Hiruk pikuk kota yang menyita waktu akhirnya berlalu ketika kalender menunjukkan penghujung Desember. Liburan akhir tahun menjadi saat yang tepat untuk mengobati rindu pada desa kelahiran. Sudah hampir lima tahun aku tak pulang, menyibukkan diri dengan pekerjaan yang seolah tak pernah ada ujungnya. Kali ini, tak ada alasan lagi. Aku memutuskan untuk kembali ke tempat di mana semua cerita hidupku bermula.
Perjalanan tiga jam menggunakan kereta membawa aku dari gemuruh kota menuju keheningan desa. Langit biru yang cerah menyambutku di stasiun kecil yang sederhana. Udara desa yang segar langsung menyentuh wajahku, menyapu jauh polusi kota yang biasa kuhirup. Senyuman hangat Pak Darman, sopir ojek langganan sejak kecil, masih sama seperti dulu.
"Lama sekali nggak pulang, Dik Rini. Desa ini kangen sama kamu," sapanya sambil memasang senyum lebar.
Aku hanya tersenyum, terlalu banyak rindu untuk diungkapkan dalam kata-kata. Sepanjang perjalanan ke rumah, sawah hijau yang terbentang luas mengingatkanku pada masa kecil. Di sinilah aku dulu bermain, mengejar capung, dan berlari tanpa khawatir tentang waktu. Desa itu tak banyak berubah, tetap sederhana dan damai.
Rumah masa kecilku berdiri kokoh di tengah ladang yang luas. Pohon mangga di halaman depan sudah jauh lebih besar, dan aroma khas kayu rumah lama langsung menyeruak ketika aku melangkahkan kaki ke dalam.
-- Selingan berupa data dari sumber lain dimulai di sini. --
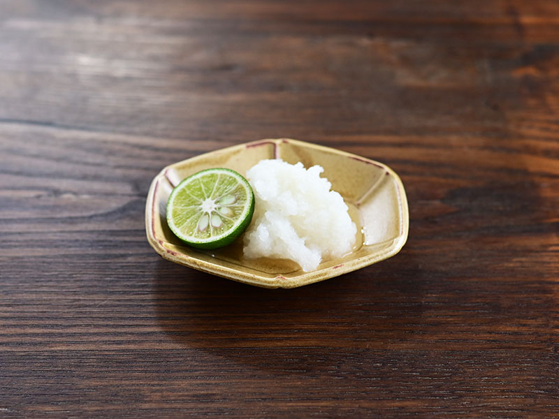 六角形の豆皿には大根おろしとすだちをのせて。
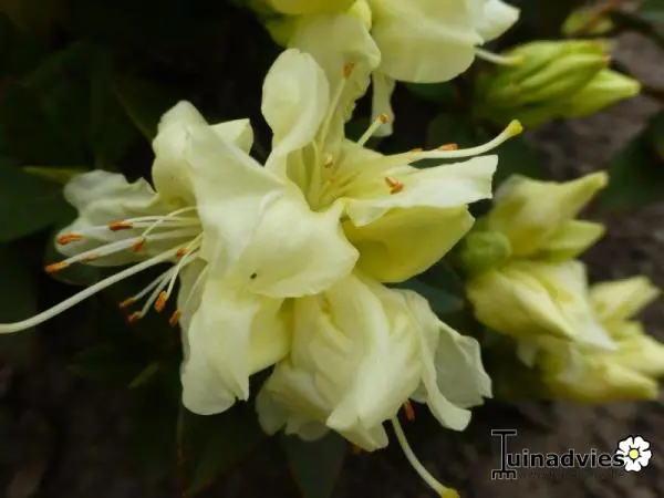 Rhododendron 'Curlew' is een laagblijvend struikje met rijkbloeiende ronde zachtgele bloemtrossen.
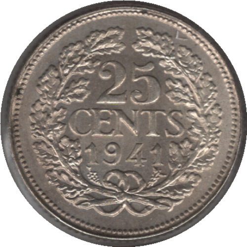 1941 Netherlands 25 Cents Silver Coin (KM# 164, Schn# 44)
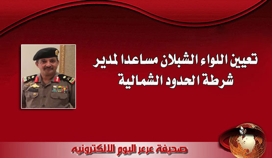11-04-2014 04:59 PM عرعر اليوم ـ رائد الدهمشي :صدر قرار مدير الأمن العام اللواء عثمان ناصر المحرج بنقل اللواء حسن بن عبدالله علي الشبلان من القوات الخاصه لأمن الطرق إلى شرطة منطقة الحدود الشمالية ويعين نائبا لمدير شرطة منطقة الحدود الشمالية إعتبارا من تاريخ 11/1/1436 .
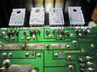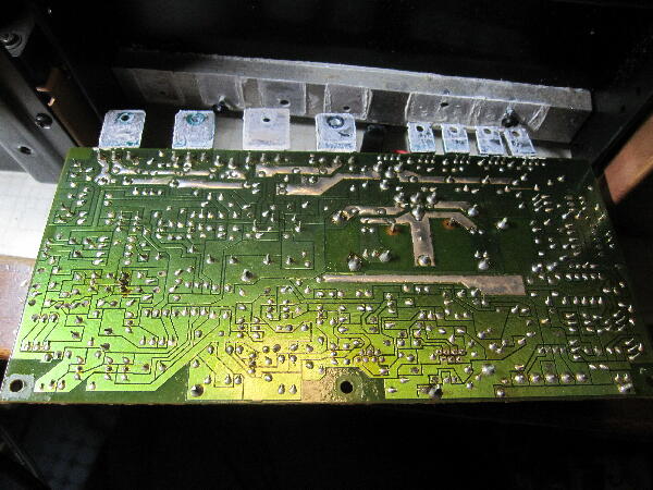 基板を外した時A級アンプ側の出力段のパワートランジスタ TO-220の足はハンダクラックが見られる
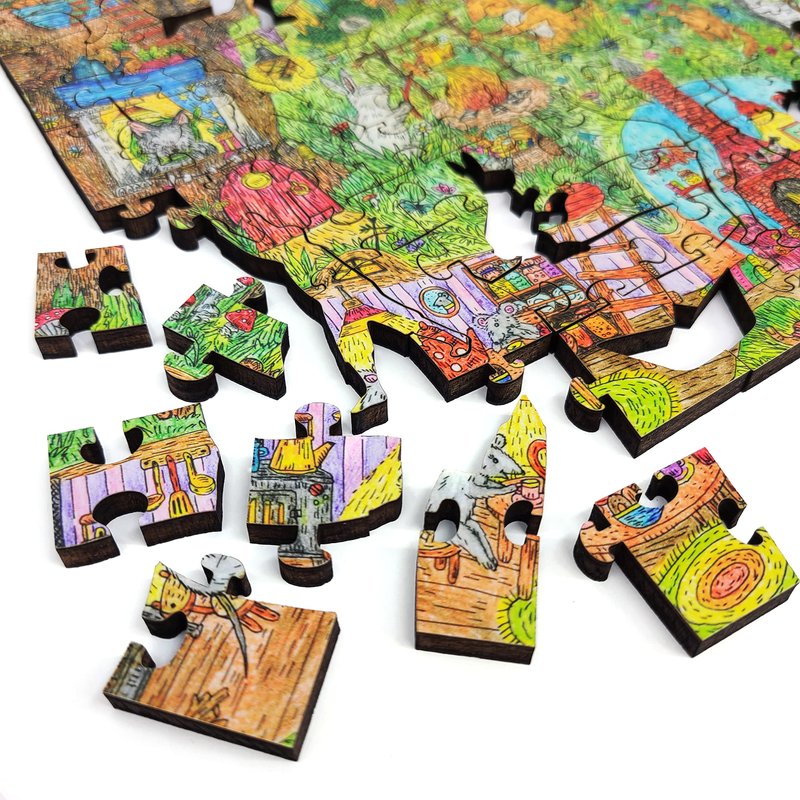 - 🧩 Whimsical Pieces. Each jigsaw puzzle contains dozens of hand-drawn, uniquely shaped pieces, called "whimsies". Whimsies are designed by artists and crafted to match the theme of the puzzle and tell a story. Each puzzle is different!

Ibuku, yang kini rambutnya mulai memutih, menyambutku dengan pelukan erat.
"Rini, akhirnya pulang juga. Ibu hampir lupa bagaimana suaramu," katanya dengan nada bercanda, meski aku tahu ada kerinduan dalam ucapannya.
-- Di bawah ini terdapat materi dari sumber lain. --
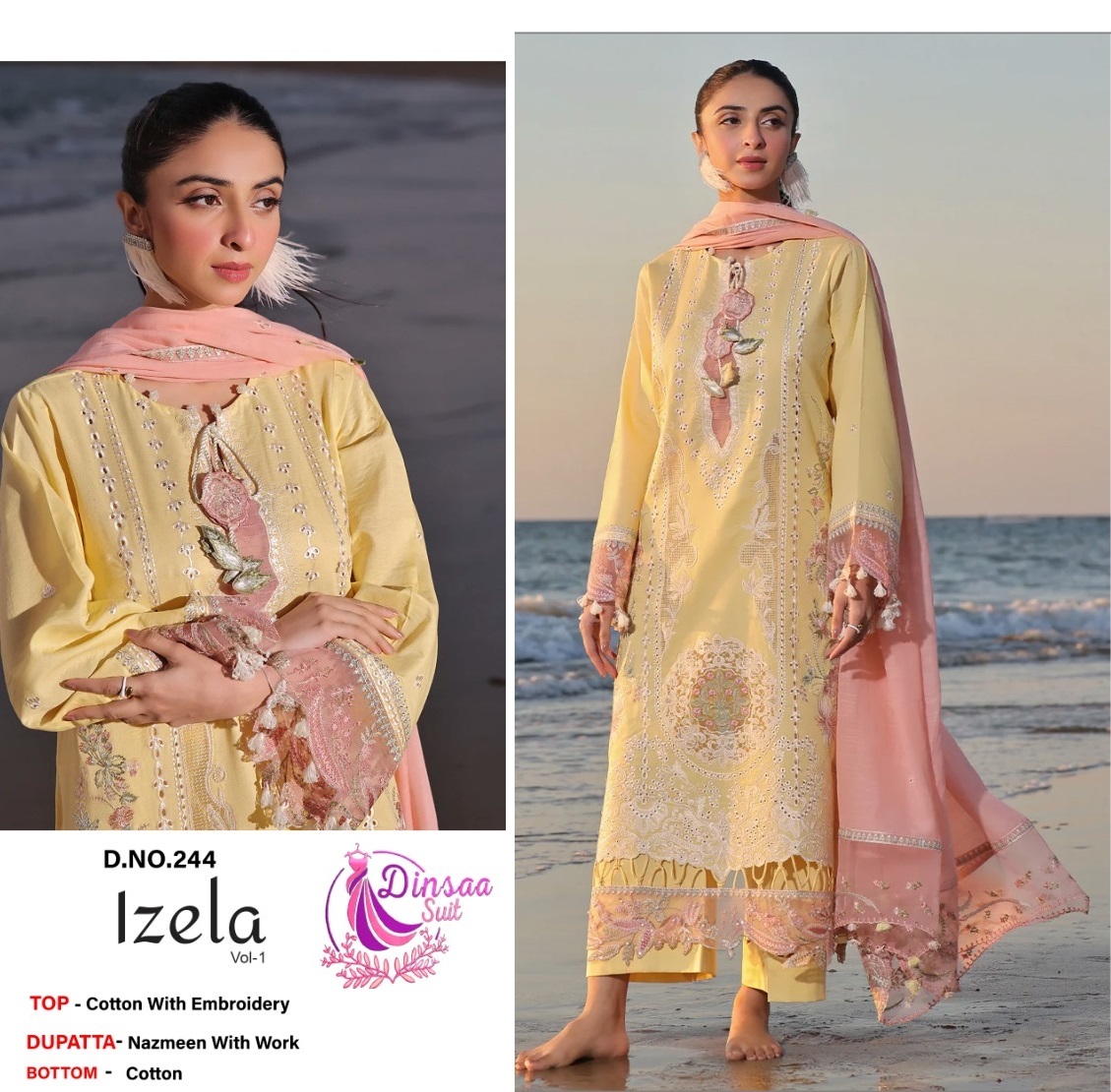 ( DINSAA SUIT 244 IZELA VOL 1 COTTON SALWAR SUITS ) Buy in wholesale price
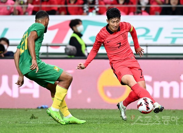 27일 서울 상암동 서울월드컵경기장에서 한국과 카메룬의 축구대표팀 평가전 경기가 열렸다. 한국 손흥민이 카메룬 선수의 수비를 제치며 돌파를 시도하고 있다.

Hari-hari di desa berlalu dengan begitu hangat. Aku membantu Ibu memasak di dapur, berbincang dengan tetangga yang masih mengingatku, dan menikmati malam yang sunyi tanpa kebisingan. Salah satu hal yang paling aku nantikan adalah pergi ke sungai kecil di belakang rumah. Tempat itu dulu menjadi markas rahasia bagiku dan teman-teman masa kecilku.
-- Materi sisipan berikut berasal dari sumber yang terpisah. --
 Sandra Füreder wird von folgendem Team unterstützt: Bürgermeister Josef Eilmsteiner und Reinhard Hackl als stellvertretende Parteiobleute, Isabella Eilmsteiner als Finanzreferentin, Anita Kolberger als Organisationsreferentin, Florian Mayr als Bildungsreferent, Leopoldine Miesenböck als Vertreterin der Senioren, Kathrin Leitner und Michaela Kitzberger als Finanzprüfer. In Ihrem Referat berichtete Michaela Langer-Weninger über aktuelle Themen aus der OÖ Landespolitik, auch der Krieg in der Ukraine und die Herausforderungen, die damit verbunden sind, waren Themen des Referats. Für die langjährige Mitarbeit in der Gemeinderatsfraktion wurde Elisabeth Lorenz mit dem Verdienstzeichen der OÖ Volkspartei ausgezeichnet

Esoknya, aku memutuskan untuk pergi ke sana. Sungai itu masih sama, meski kini lebih sepi. Batu-batu besar di tepiannya menjadi saksi bisu dari petualangan kami dulu. Aku duduk di salah satu batu, membiarkan air dingin menyentuh kakiku. Dalam keheningan itu, kenangan-kenangan masa kecil berkelebat di benakku---saat kami bermain petak umpet, mencari ikan kecil, atau sekadar bercanda tanpa beban.
Tiba-tiba, suara langkah kaki terdengar dari arah belakang. Aku menoleh dan melihat seorang lelaki dengan senyum lebar mendekat. Wajah itu tak asing bagiku.
"Rini? Kamu masih suka ke sini juga, ya?" tanyanya.